Beginning with the line where "現代アーティストの原倫太郎+" appears, set down each line exactly until the records below end, and omit the pictures.

__Data excerpts__.
● ● ●
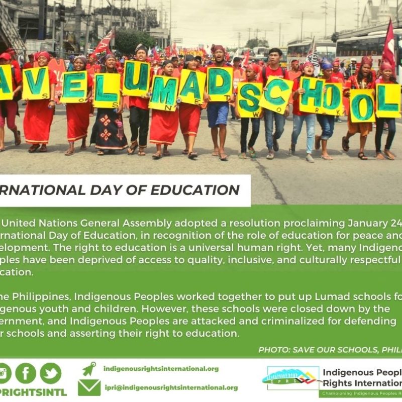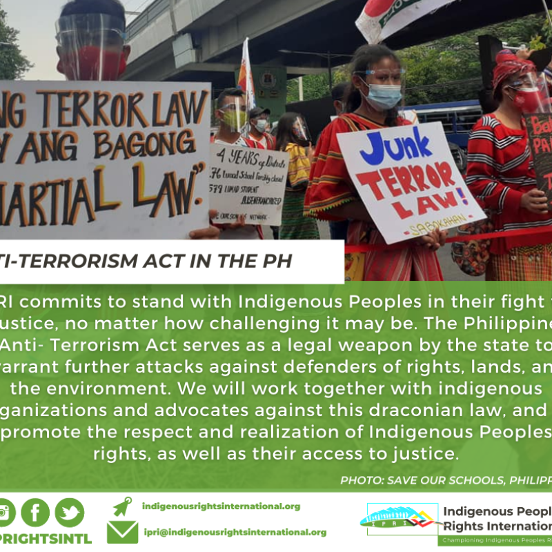 Philippine Supreme Court holds oral arguments on Anti-Terrorism ActRead MorePhilippine Supreme Court holds oral arguments on Anti-Terrorism ActNews and FeaturesIn the video | The #Karuazu people bless the #COVID19 vaccines delivered to themRead MoreIn the video | The #Karuazu people bless the #COVID19 vaccines delivered to themNews and FeaturesCall for inputs: European Union’s Proposed Law on mandatory human rights and environmental due diligence corporations to respect human rightsRead MoreCall for inputs: European Union’s Proposed Law on mandatory human rights and environmental due diligence corporations to respect human rightsNews and FeaturesPhilippines: Drop murder charge against indigenous rights defender, UN experts urgeRead MorePhilippines: Drop murder charge against indigenous rights defender, UN experts urgeNews and FeaturesJanuary 24 is International Education DayRead MoreJanuary 24 is International Education DayNews and FeaturesPHILIPPINES | 9 Indigenous Tumandok killed, 17 others arrested in police ops in PanayRead MorePHILIPPINES | 9 Indigenous Tumandok killed, 17 others arrested in police ops in PanayNews and FeaturesCall for Global Advocacy CoordinatorRead MoreCall for Global Advocacy CoordinatorNews and FeaturesStatement of Mr. Francisco Cali-Tzay on the Rights of Indigenous PeoplesRead MoreStatement of Mr. Francisco Cali-Tzay on the Rights of Indigenous PeoplesNews and FeaturesPhilippines: Government’s terrorist-tagging denies right to education to thousands of indigenous LumadRead MorePhilippines: Government’s terrorist-tagging denies right to education to thousands of indigenous LumadNews and FeaturesFirstPrev05060708NextLast
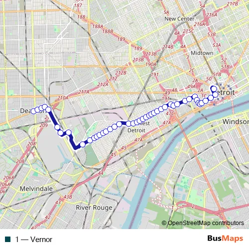 See why over 2 million users trust and consider busmaps.com as the best public transport website. busmaps gives you Detroit Buses suggested routes, real-time bus tracker, line route maps in Detroit, and helps to find the closest 1 bus stops near you. No internet available? Download an offline PDF map and bus schedule for the 1 bus to take on your trip.
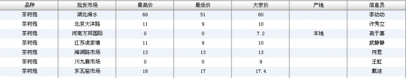 2024年3月18日全国主要批发市场茶树菇价格行情
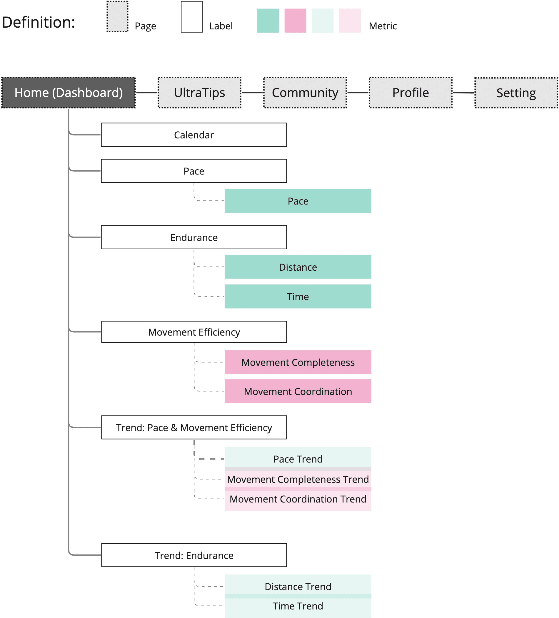 To create straightforward and easy navigation, I use information architecture to help with the page and interface structure, taking the project vision, to build an AI-powered dashboard for the Swimming Technique Improvement App, to consideration to ensure a holistic experience.
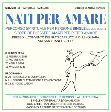 La diocesi di Adria-Rovigo con il servizio di pastorale familiare organizza un percorso spirituale per persone single dai 35 ai 55 anni, scoprire di essere amati per poter amare.
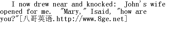 这会儿我走上前去,敲起门来。约翰的妻子开了门。"玛丽,"我说,"你好!" She started as if she had seen a ghost: I calmed her. To herhurried "Is it really you, miss, come at this late hour to thislonely place?" I answered by taking her hand; and then I followedher into the kitchen, where John now sat by a good fire. Iexplained to them, in few words, that I had heard all which hadhappened since I left Thornfield, and that I was come to see Mr.Rochester. I asked John to go down to the turn-pike-house, where Ihad dismissed the chaise, and bring my trunk, which I had leftthere: and then, while I removed my bonnet and shawl, I questionedMary as to whether I could be accommodated at the Manor House forthe night; and finding that arrangements to that effect, thoughdifficult, would not be impossible, I informed her I should stay. 她吓了一大跳,仿佛见了一个鬼似的。我让她镇静了下来。她急忙问道:"当真是你吗,小姐,这么晚了还到这么偏僻的地方来?"我握着她的手回答了她。随后跟着她走进了厨房,这会儿约翰正坐在熊熊的炉火边。我三言二语向他们作了解释,告诉他们,我离开桑菲尔德后所发生的一切我都已经听说了。这回是来看望罗切斯特先生的。还请约翰到我打发了马车的大路上去一趟,把留在那儿的箱子去取回来。随后我一面脱去帽子和披肩,一面问玛丽能不能在庄园里过夜。 "When you go in," said I, "tell your master that a person wishes tospeak to him, but do not give my name."" 你进去的时候,"我说,"告诉你主人,有人想同他谈谈。不过别提我的名字。" "I don't think he will see you," she answered; "he refuseseverybody."" 我想他不会见你,"她回答,"他谁都拒绝。" When she returned, I inquired what he had said. "You are to send inyour name and your business," she replied. She then proceeded tofill a glass with water, and place it on a tray, together withcandles. 她回来时,我问他说了什么。"你得通报姓名,说明来意,"她回答。接着去倒了一杯水,拿了几根蜡烛,都放进托盘。
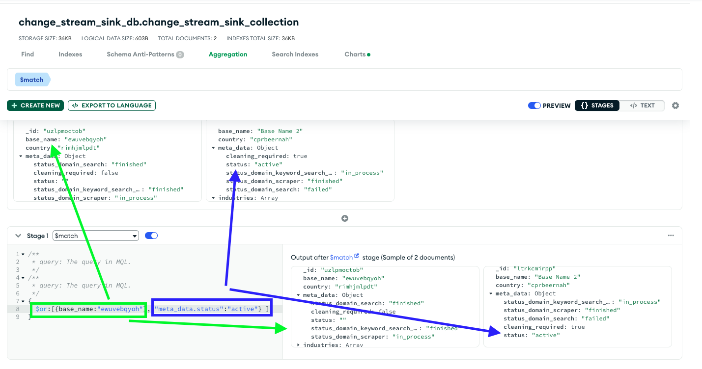 . There must be something within the pipeline filter for those nested fields. What’s strange is when i don’t have the pipeline filters, and just have the change_stream = client.change_stream_db.change_stream_collection.watch() It has no problem picking up a change event when an update to the meta_data.status field happens.
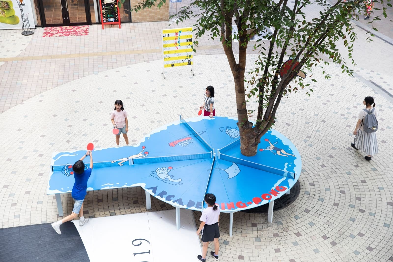 現代アーティストの原倫太郎+原游による、天板に「武蔵野」をイメージしたイラストが描かれた卓球台が登場。4人で円盤を囲み、回転しながらプレイする「武蔵野回転卓球」、球が天板にあたる度に木琴のような音が鳴る「ミニマリンバピンポン」、お子様でも楽しめる高さの「武蔵野3人卓球」と、どれもユニークな仕様で、家族や友達、時には見知らぬ人同士が話しながら、そして笑いながら身体でコミュニケーションをとることができるアート作品です。
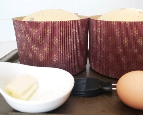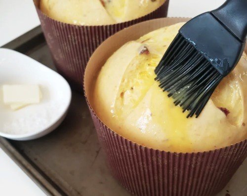 - Turn down the oven to 350°F and bake for ~35-40 min. Rotate the loaves during the last minutes for even browning if necessary. The Panettoni are baked through when the internal temperature meassures 90°C / 194°F.
● ● ●
__Result of the task__.
 現代アーティストの原倫太郎+原游による、天板に「武蔵野」をイメージしたイラストが描かれた卓球台が登場。4人で円盤を囲み、回転しながらプレイする「武蔵野回転卓球」、球が天板にあたる度に木琴のような音が鳴る「ミニマリンバピンポン」、お子様でも楽しめる高さの「武蔵野3人卓球」と、どれもユニークな仕様で、家族や友達、時には見知らぬ人同士が話しながら、そして笑いながら身体でコミュニケーションをとることができるアート作品です。
 - Turn down the oven to 350°F and bake for ~35-40 min. Rotate the loaves during the last minutes for even browning if necessary. The Panettoni are baked through when the internal temperature meassures 90°C / 194°F.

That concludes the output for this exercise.